Marcello Pamio – 23 gennaio 2005

Stiamo ancora assistendo - per quel poco che i media controllati ci fanno vedere - ad una guerra di occupazione illegittima (che sta provocando centinaia di migliaia di morti civili) da parte di una amministrazione guerrafondaia, e gli stessi neoconservatori statunitensi pensano già ad un nuovo intervento armato in Iran! Questa volta basta dittatori o ex collaboratori come Saddam Hussein, adesso i capri espiatori sono gli eredi dello Scià di Persia, o quello che ne è rimasto.
Con la solita tiritera del terrorismo, dei nemici, dell’asse del male, gli estremisti di destra che controllano e manovrano il burattino Walker Bush, lo hanno fatto intendere chiaramente. Sentite cos’ha detto uno dei più potenti e pericolosi neocon, Donald Rumsfeld, alla riunione degli Stati Maggiori: “Questa è una guerra contro il terrorismo e l’Irak è solo una delle campagne. La prossima campagna sarà quella contro l’Iran”(1). Avete letto con attenzione le parole del falco? Il vero responsabile della imbarazzante oltreché fallimentare gestione militare dell’Irak per non parlare degli abusi e delle torture nelle carceri, invece di essere incriminato per crimini di guerra e contro l’umanità, ha visto aumentare il suo potere decisionale a tal punto da istituire lo Strategic Support Branch, cioè una nuova agenzia di intelligence (spionaggio) direttamente alla sue dipendenze (2). Una specie di CIA dall'autonomia molto più ampia controllata da Rumsfeld!
Quasi all’unisono, la neosegretaria dello Stato, Condoleezza Rice, di fronte alla Commissione esteri del Senato ha elencato nove avamposti della tirannia, compresi Cuba e ovviamente l’immancabile Iran. E per essere sicuri che la propaganda mediatica faccia il suo corso, il vicepresidente - nonché vero controllore di Walker - Dick Cheney, ha dichiarato ai media che l’Iran si trova in cima alla lista nera!
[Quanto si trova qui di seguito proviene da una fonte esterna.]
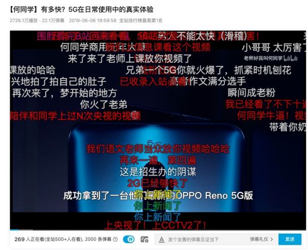 确实,让何同学在B站科技区迅速积累人气并且蹿升为头部UP主的视频是2019年6月他发布的《有多快?5G在日常使用中的真实体验》。该视频一夜间播放量超过500万(目前B站累计播放量超过2700万),并被人民日报、共青团中央等数家官方媒体关注并报道,何同学迅速出圈,成为B站代表性的UP主之一。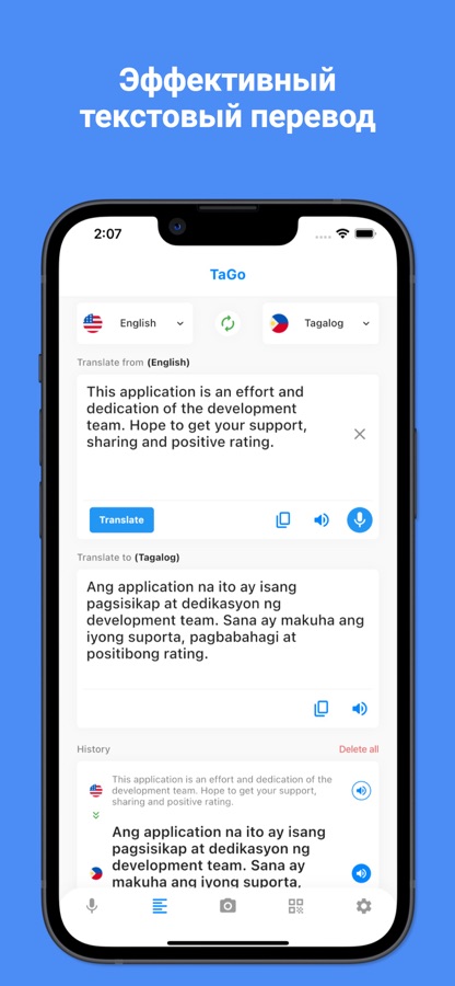 TagaGo — ведущее приложение для перевода на тагальский язык с множеством выдающихся функций, таких как точный голосовой, текстовый и фотоперевод с тагальского на 45 языков и наоборот.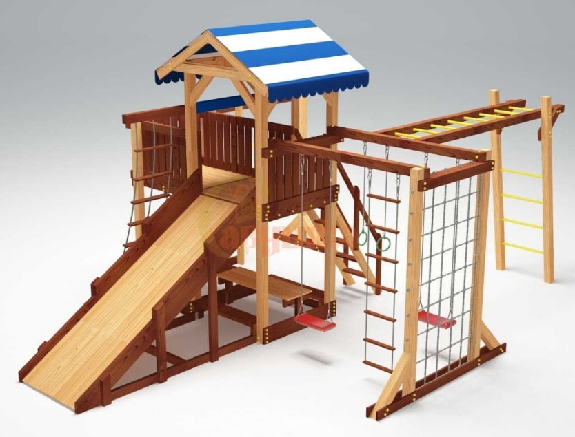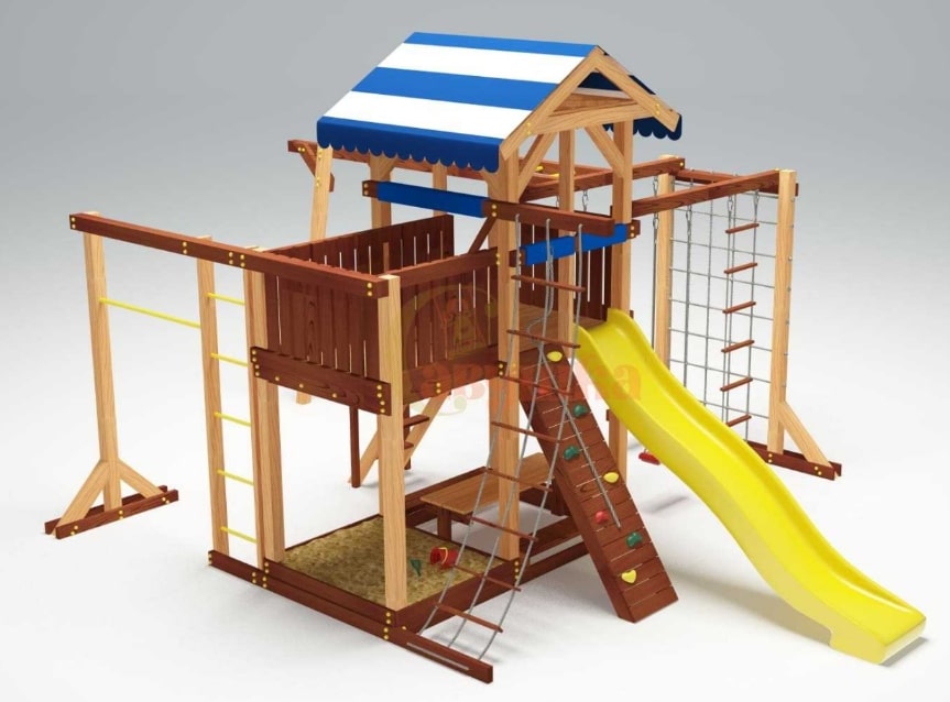 Горка, Домик (замок), Качели, Скалодром, Канат |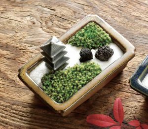 そんな枯山水を、自宅で手軽に楽しめるようにした「禅庭」は、苔や白砂を組み合わせ、手のひらサイズの庭園を自由にデザインしながら、日常に和の癒しを取り入れることができます。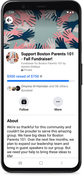 Facebook Groups will be able to host community fundraisers as well, to raise money for group projects, to pay hosts for their time managing the group or anything else admins and members want to support financially.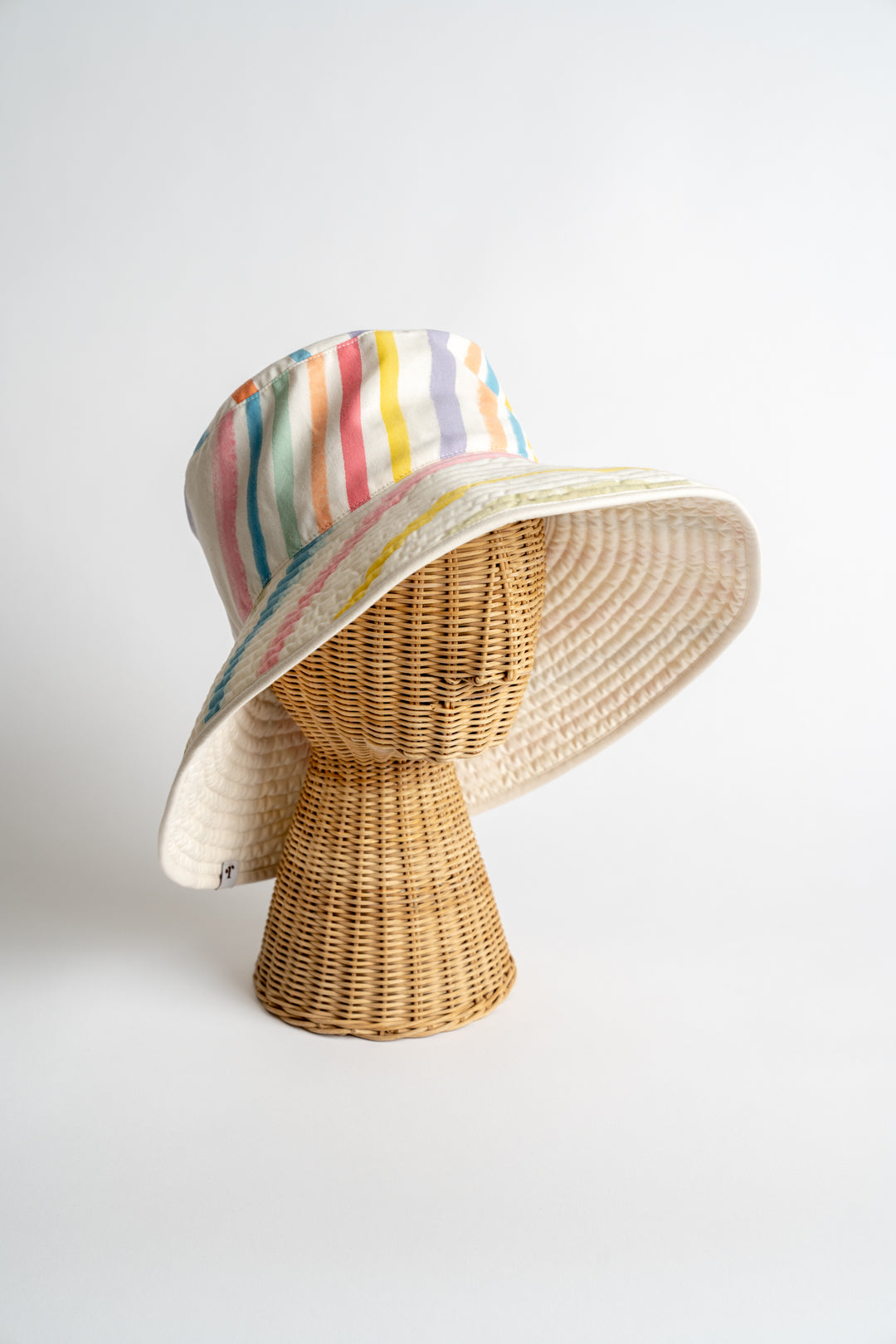 Designed and hand painted in Madrid, the co-founders (and sisters) of Romualda have captured the essence of summer with the Reversible Gran Bucket Hat.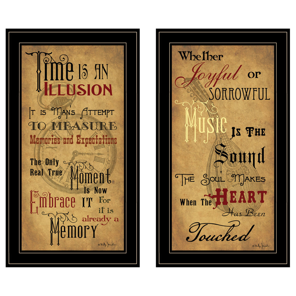 V621-704G "Joyful" by artisan Billy Jacobs. This 2- piece(2-15x27) black framed vignette of his print called memories and the Sound of the Soul. State Time is an Illusion; man's attempt to measure Memories and Expectations; along with a reminder that Music is the sound of the soul. The surface of the print is textured with a fade resistant coating so no glass is necessary. Arrives ready to hang. Made in the USA by skilled American workers. •Print has fade resistant surface texture, no glass is necessary•Woman Owned Busines (WBE)•Arrives ready to hang, no additional hardware needed on item•individually hand crafted by skilled American workers•Decorative grouping in matching frames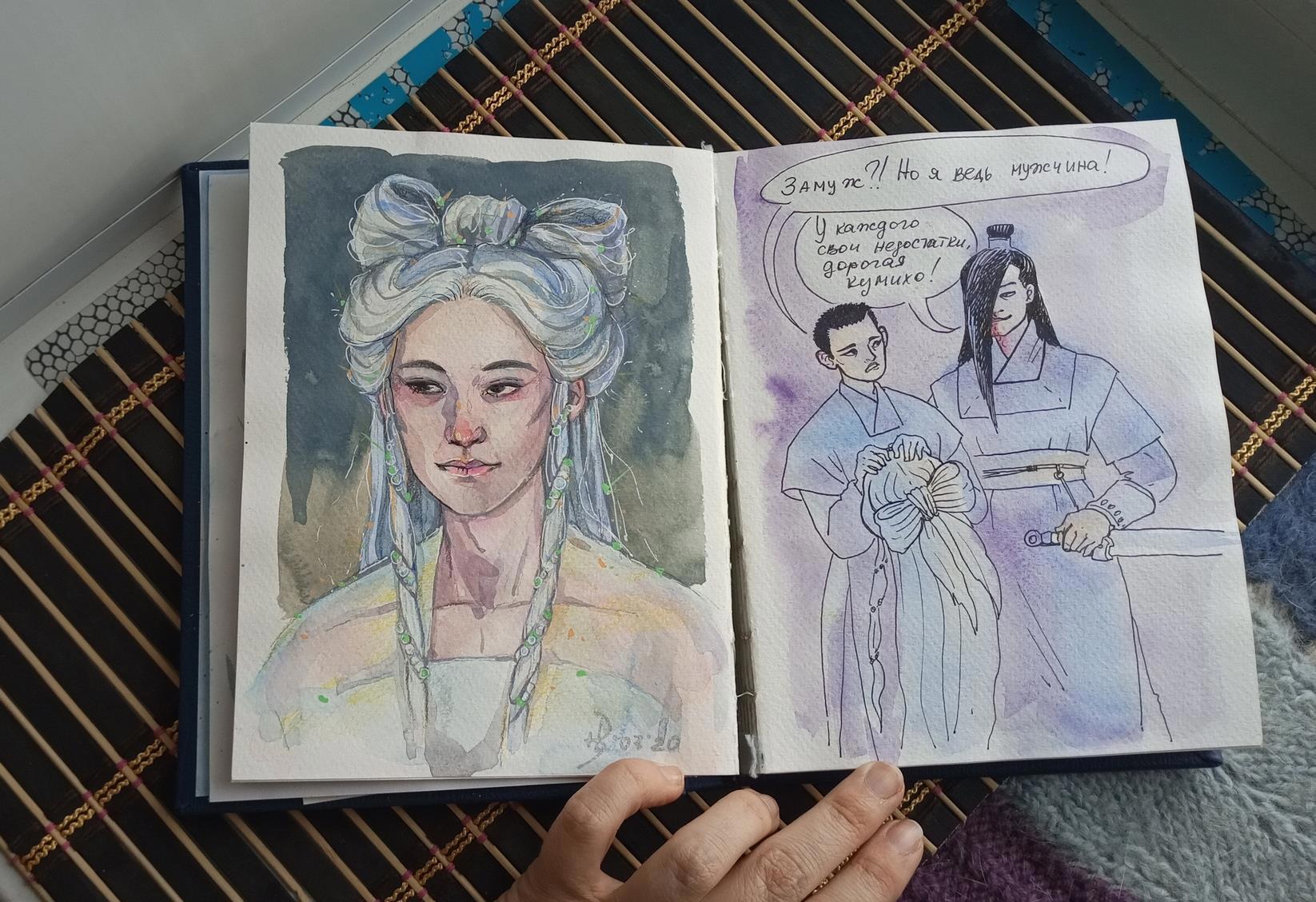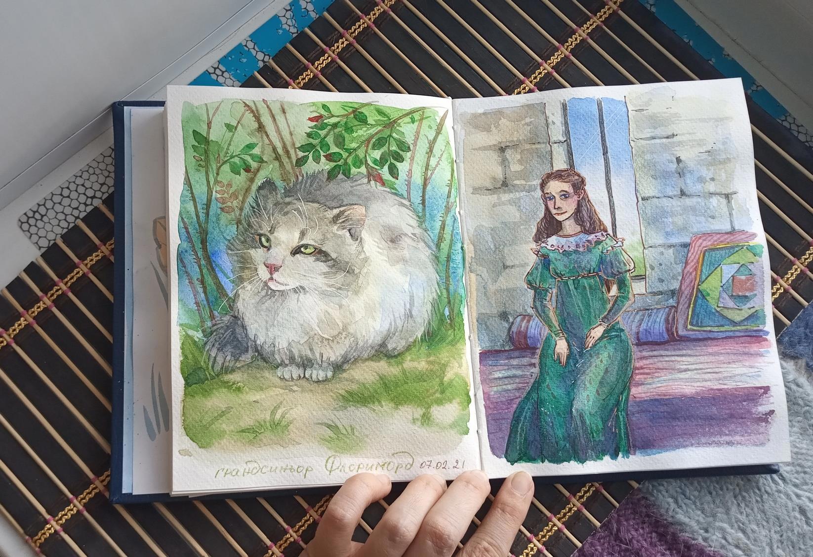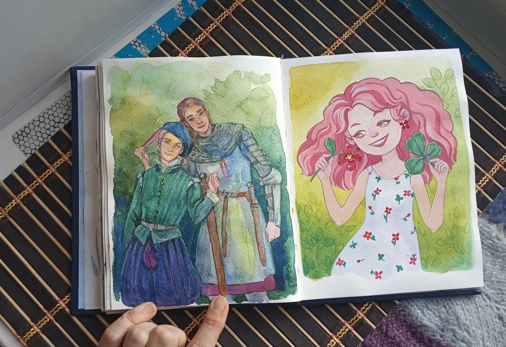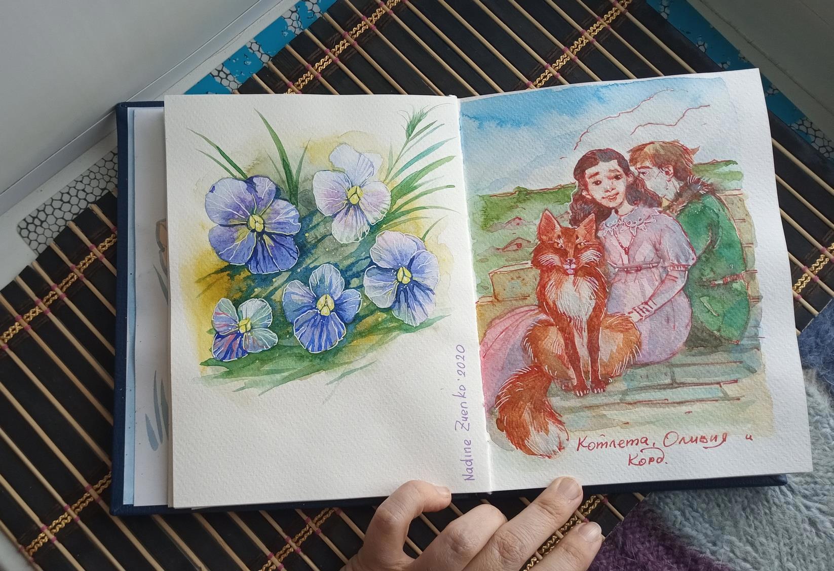 Тут вот с одной стороны неудачные фиалки, а с другой стороны с помощью туши WN карябала на тему "Вольдемара Старинова" Садова. Его названная сестра Оливия, ее лиса Котлета, а так же вражий сирота Корд.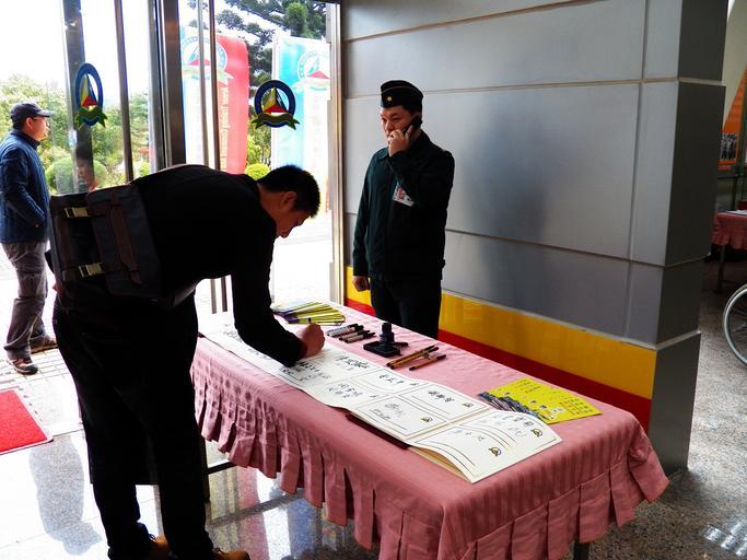 Keywords: Guests Register Stand in Entrance of Armor School Museum 20130302.jpg zh-tw 2013年 甲兵學校營 開放活動,校史館 樓大廳前的來賓簽到處 Own 玄史生 2013-03-02 2013 ROCA Armor Training Command and Armor School Open Day Guestbook signing Slouch men Men writing People with mobile telephones Men with bags Tables in Taiwan Tablecloths 玄史生写 文庫 Taken with Kodak EasyShare Z990 |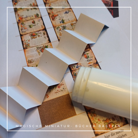 Fixiere die Seiten indem Du die Zieharmonika mit einem Klebestift einstreichst.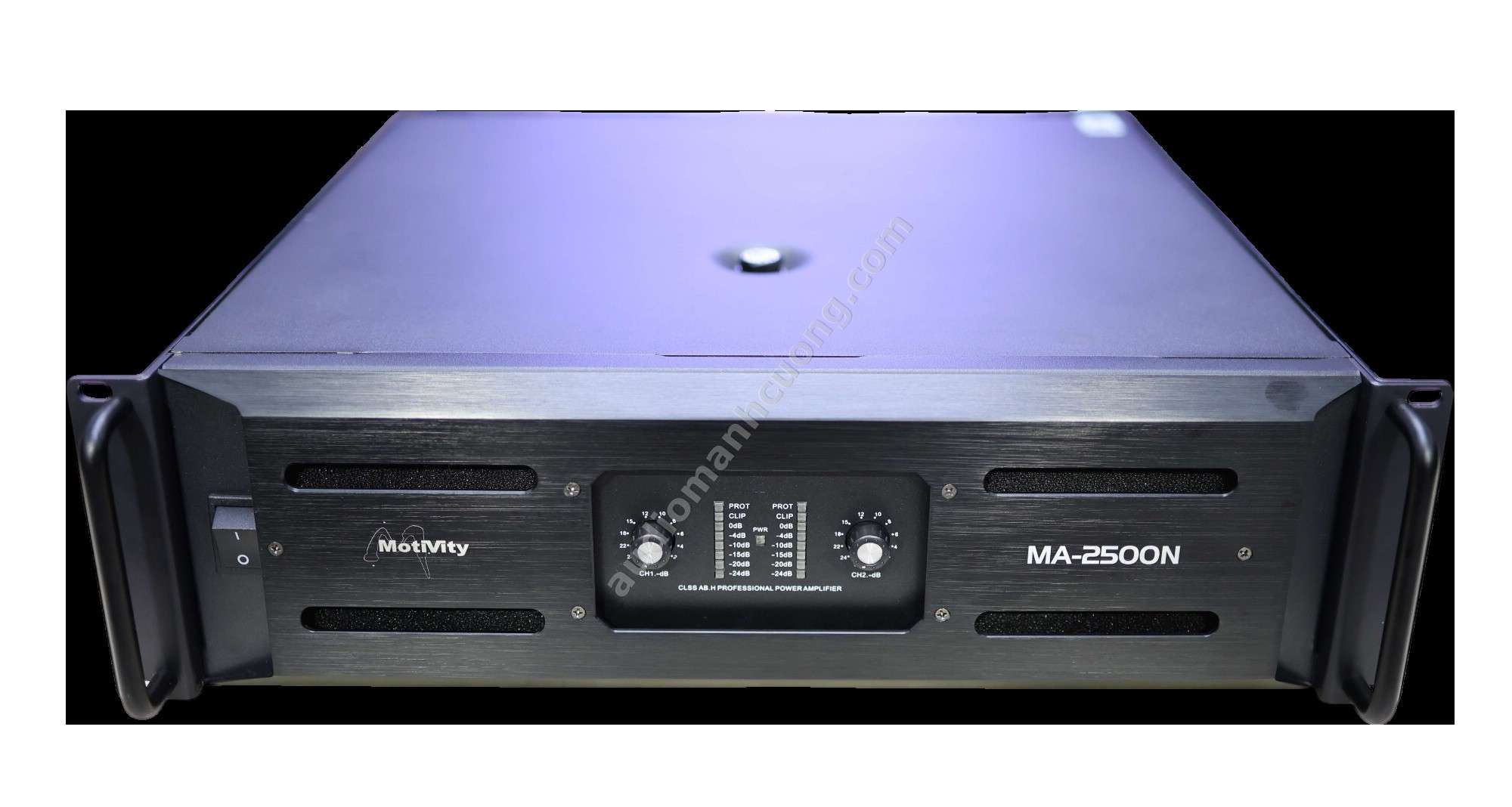 MotiVity MA2500N – cục đẩy công suất mạnh mẽ 2500W/kênh, chuyên trị sub coil lớn 125–150, phù hợp cho sân khấu, karaoke kinh doanh, show âm thanh chuyên nghiệp.
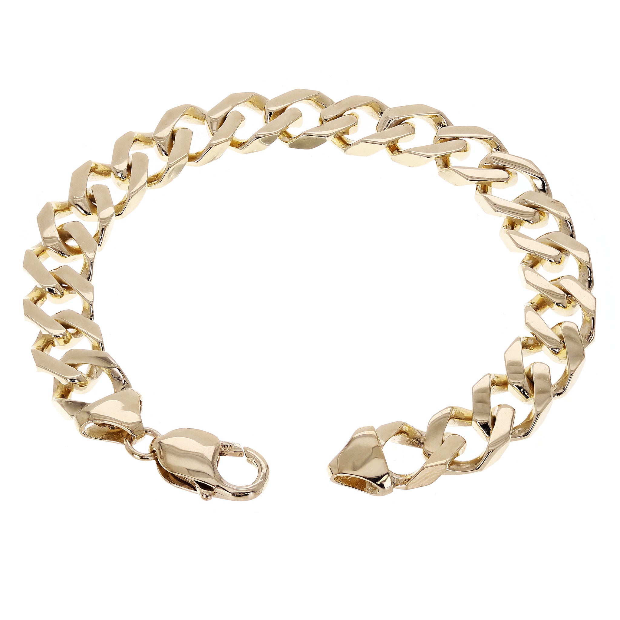 10k Yellow White or Rose Gold Solid Square Curb Link Chain Bracelet 10.3mm 7" - 9.5"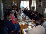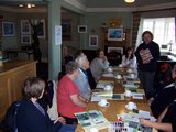 The second gathering of the Lowlands-based embroiderers at The Prestoungrange Gothenburg on July 24th saw the formal creation of THE EMBROIDERER'S LIST of numbered panels with named volunteers. It takes the numbering from the published booklet on the Tapestry and 'reserves' panels for the volunteers on a first come first agreed basis - provided a strong local connection/ relevance can be demonstrated. They can be seen below reviewing and commenting on the artwork thus far which Andrew has produced.

Lo avevamo già detto a suo tempo in queste pagine che l’Iran rientra nelle mire militari statunitensi, tentando anche di spiegarne le possibili motivazioni. Naturalmente le centrali nucleari e il pericolo atomico non c’entrano assolutamente nulla, come non c’entravano nulla le armi di distruzione di massa di Saddam Hussein con l’invasione militare. Il motivo - se non crediamo alle coincidenze - è presto detto: tre stati dell’OPEC: Irak, Iran e Venezuela, intorno all’anno 2000 avevano iniziato a scambiare il petrolio non più in verdi dollaroni, ma bensì in euro.
Sembra una sciocchezza, vero? Ma questo è uno smacco per la stabilità economico-energetica dello Zio Tom incommensurabile. Forse non tutti sanno che il paese dell’American Dream, nonostante i film e telefilm che ci fanno vedere una realtà inesistente, sta passando un periodo non certo roseo dal punto di vista finanziario. Per intenderci, il debito estero è dell’ordine del cinque per cento del PIL e il dollaro e sopravalutato almeno del 40% (il capo economista della Morgan Stanley, Stephen Roach, da mesi mette tutti in guardia contro una possibile forte recessione) (3).
Non solo, gli Stati Uniti producono ogni giorno 7.177.000 barili di petrolio (4) e ne consumano però, sempre ogni giorno, 19.633.000 (5). Questi 12 milioni e passa di barili di petrolio che mancano all’appello, da qualche parte dovranno pure andarseli a prendere, o no?
La fortuna degli Stati Uniti d’America è che il petrolio dell’OPEC viene scambiato in dollari, il che significa che ogni paese del pianeta deve acquistare dollari per potersi rifornire dell’oro nero. Questa ovviamente è una manna dal cielo. Se un giorno però i paesi dell’OPEC decidessero di incamerare euri al posto di dollari, cosa accadrebbe all’economia americana? Qualcuno ipotizza un crollo paragonabile a quello del ’29!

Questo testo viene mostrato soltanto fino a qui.